» Records for processing
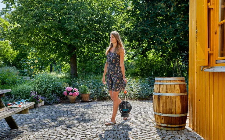 Reguleringsventilen lar deg justere eller stenge vannstrømmen, og det innebygde filteret beskytter pumpen mot smuss og er lett å rengjøre. Med sin slanke konstruksjon passer pumpen i åpninger fra 150 mm, og kan brukes med GARDENA Aqua spreder og Micro-Drip-System for effektiv regnvannsvanning.
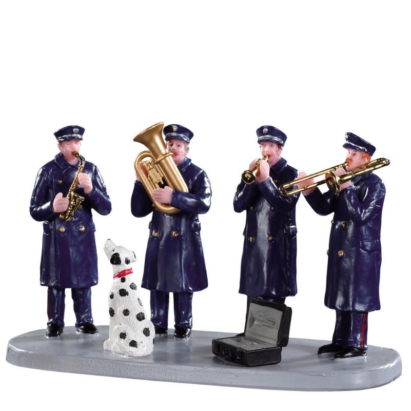 The firehouse dalmatian watches his fireman friend playing the Saxophone. Four members of the firehouse play in this band. Made from quality resin and measures 2.68 x 5.00 x 2.32 inches.
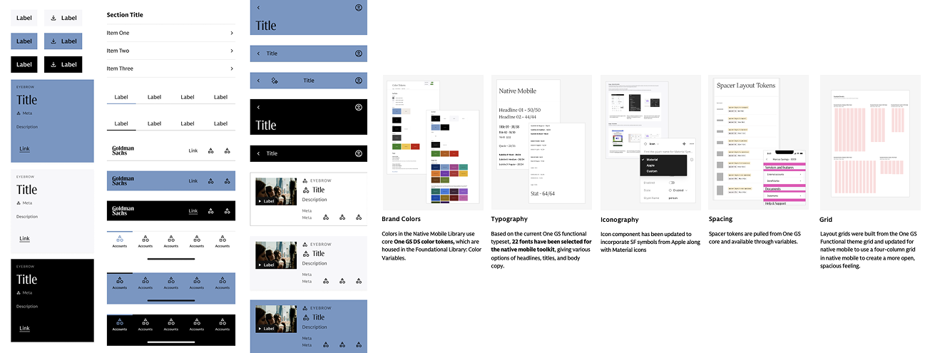 To establish consistency across Goldman Sachs’ digital ecosystem, our team was tasked to create a Native Mobile Toolkit—a centralized library that streamlines native mobile design and development through shared foundations and scalable components.
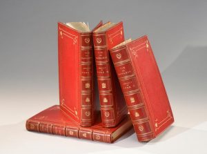 ARNAULT (Antoine - Vincent). VIE POLITIQUE ET MILITAIRE DE NAPOLÉON. BRUXELLES, ARNOLD LACROSSE, 1825. Quatre volumes, in-8, pleines reliures de l'époque en maroquin rouge. Dos à 5 nerfs cloisonnés, fleuronnés et dorés portant les titres dorés. Encadrements dorés sur les plats renferment les insignes du Ier Empire : l'aigle, l'abeille, le N cerclé de lauriers, filet doré sur les coupes, large dentelle intérieure dorée, têtes dorées.
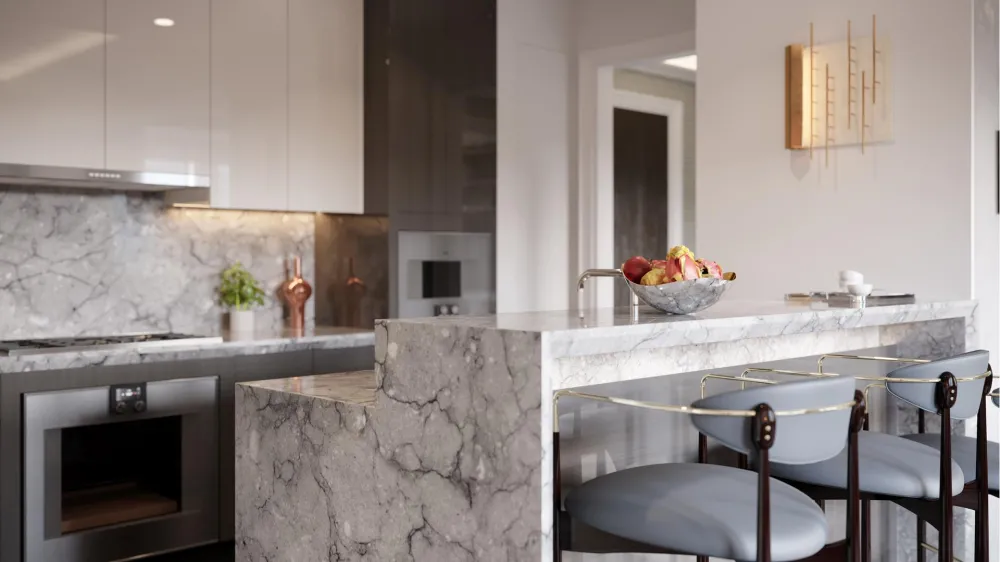 The open kitchen with an island features wood and lacquer cabinetry custom-designed by Deniot and fabricated by Molteni&C, cleverly concealing a top-of-the-line appliance suite by Gaggenau that includes a five- burner gas cooktop with oven and fully vented range hood, separate refrigerator and freezer, wine refrigerator, speed oven and dishwasher, Polished Quartzite Arabescato backsplash and countertops with beveled edges are enhanced by polished nickel fixtures.
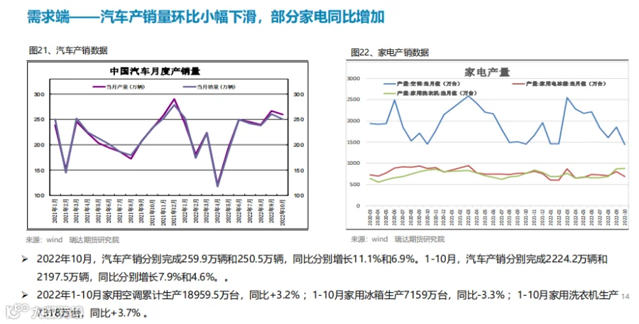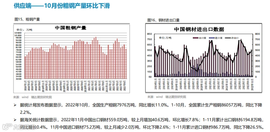 后市展望:供应端,本期热卷周度产量继续提升,主要增幅地区是中南、华北、华东地区,其 中华北、华东地区部分钢厂复产后本周恢复正常生产,供给增量;需求端,厂内库存与社会库存继续小幅下滑,年底赶工及刚需释放;最后,国内宏观面整体向好,对热卷价格仍有支撑作用。
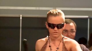 Hot skinny babe in a scandal lapdance porn show on public sexfair stage
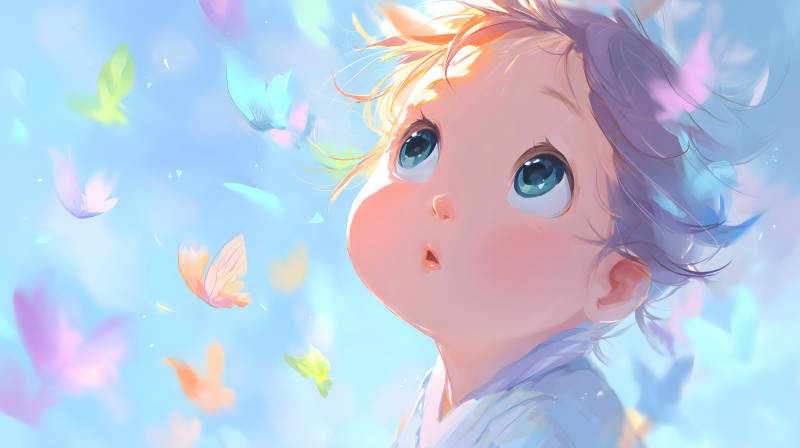 可爱宝宝仰望蝴蝶飞舞
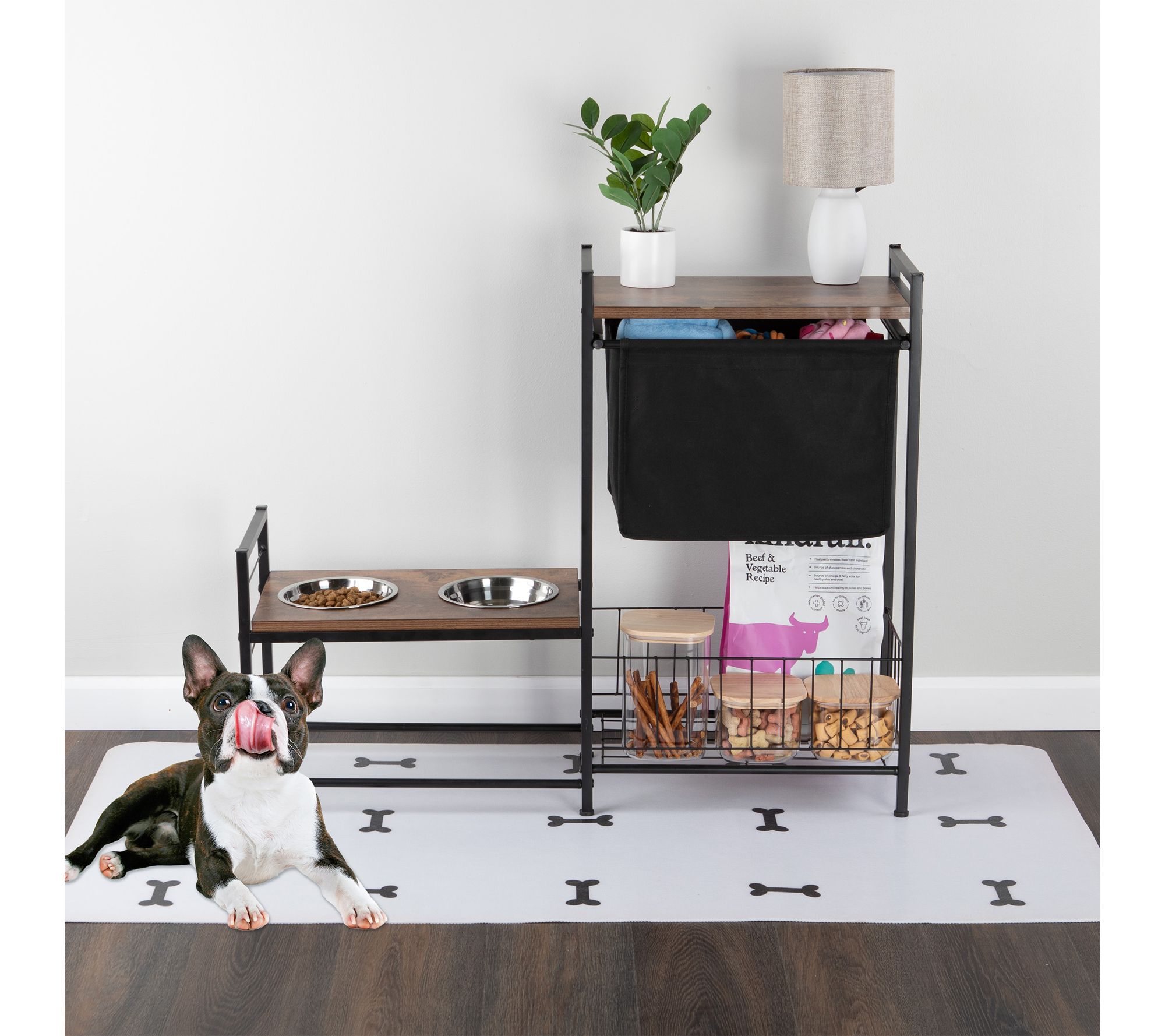 Includes stand, two pet bowls, storage shelf, metal wire basket
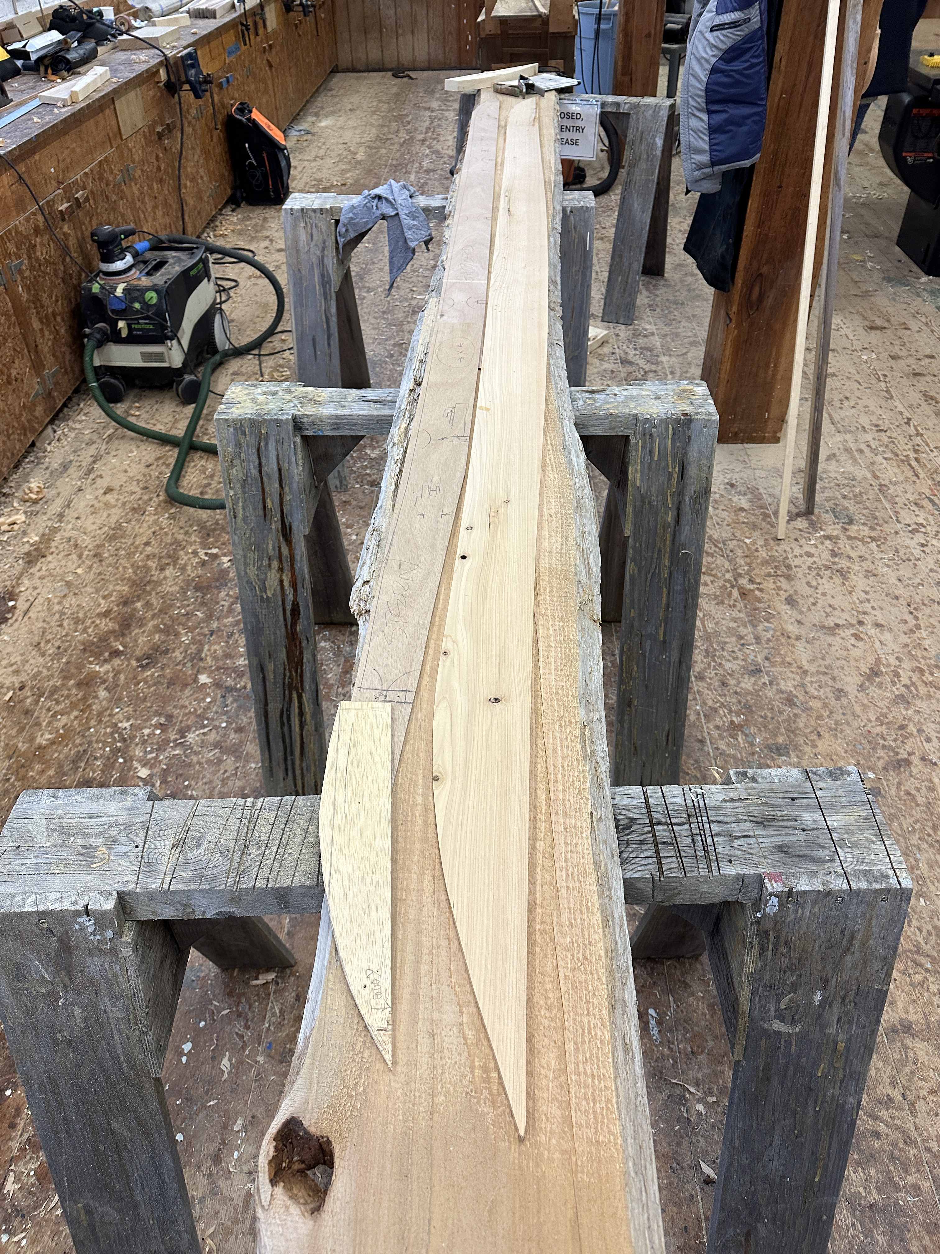 Antes de prosseguir no relato, gostaria de destacar de que, como este é um barco de casco “trincado” (lapstrake), onde as madeiras do casco irão se sobrepor umas às outras, as ripas, uma vez instaladas, têm o comprimento total e a largura real das suas sobreposições… isso significa que, quando olhamos e marcamos uma ripa, podemos ver a largura total das tábuas de madeira que precisaremos e o seu formato final quando tudo estiver pronto.

» Exercise aim
An exact restatement of the entries above is needed; no picture may appear in it.

» Result
 Reguleringsventilen lar deg justere eller stenge vannstrømmen, og det innebygde filteret beskytter pumpen mot smuss og er lett å rengjøre. Med sin slanke konstruksjon passer pumpen i åpninger fra 150 mm, og kan brukes med GARDENA Aqua spreder og Micro-Drip-System for effektiv regnvannsvanning.
 The firehouse dalmatian watches his fireman friend playing the Saxophone. Four members of the firehouse play in this band. Made from quality resin and measures 2.68 x 5.00 x 2.32 inches.
 To establish consistency across Goldman Sachs’ digital ecosystem, our team was tasked to create a Native Mobile Toolkit—a centralized library that streamlines native mobile design and development through shared foundations and scalable components.
 ARNAULT (Antoine - Vincent). VIE POLITIQUE ET MILITAIRE DE NAPOLÉON. BRUXELLES, ARNOLD LACROSSE, 1825. Quatre volumes, in-8, pleines reliures de l'époque en maroquin rouge. Dos à 5 nerfs cloisonnés, fleuronnés et dorés portant les titres dorés. Encadrements dorés sur les plats renferment les insignes du Ier Empire : l'aigle, l'abeille, le N cerclé de lauriers, filet doré sur les coupes, large dentelle intérieure dorée, têtes dorées.
 The open kitchen with an island features wood and lacquer cabinetry custom-designed by Deniot and fabricated by Molteni&C, cleverly concealing a top-of-the-line appliance suite by Gaggenau that includes a five- burner gas cooktop with oven and fully vented range hood, separate refrigerator and freezer, wine refrigerator, speed oven and dishwasher, Polished Quartzite Arabescato backsplash and countertops with beveled edges are enhanced by polished nickel fixtures.
 后市展望:供应端,本期热卷周度产量继续提升,主要增幅地区是中南、华北、华东地区,其 中华北、华东地区部分钢厂复产后本周恢复正常生产,供给增量;需求端,厂内库存与社会库存继续小幅下滑,年底赶工及刚需释放;最后,国内宏观面整体向好,对热卷价格仍有支撑作用。
 Hot skinny babe in a scandal lapdance porn show on public sexfair stage
 可爱宝宝仰望蝴蝶飞舞
 Includes stand, two pet bowls, storage shelf, metal wire basket
 Antes de prosseguir no relato, gostaria de destacar de que, como este é um barco de casco “trincado” (lapstrake), onde as madeiras do casco irão se sobrepor umas às outras, as ripas, uma vez instaladas, têm o comprimento total e a largura real das suas sobreposições… isso significa que, quando olhamos e marcamos uma ripa, podemos ver a largura total das tábuas de madeira que precisaremos e o seu formato final quando tudo estiver pronto.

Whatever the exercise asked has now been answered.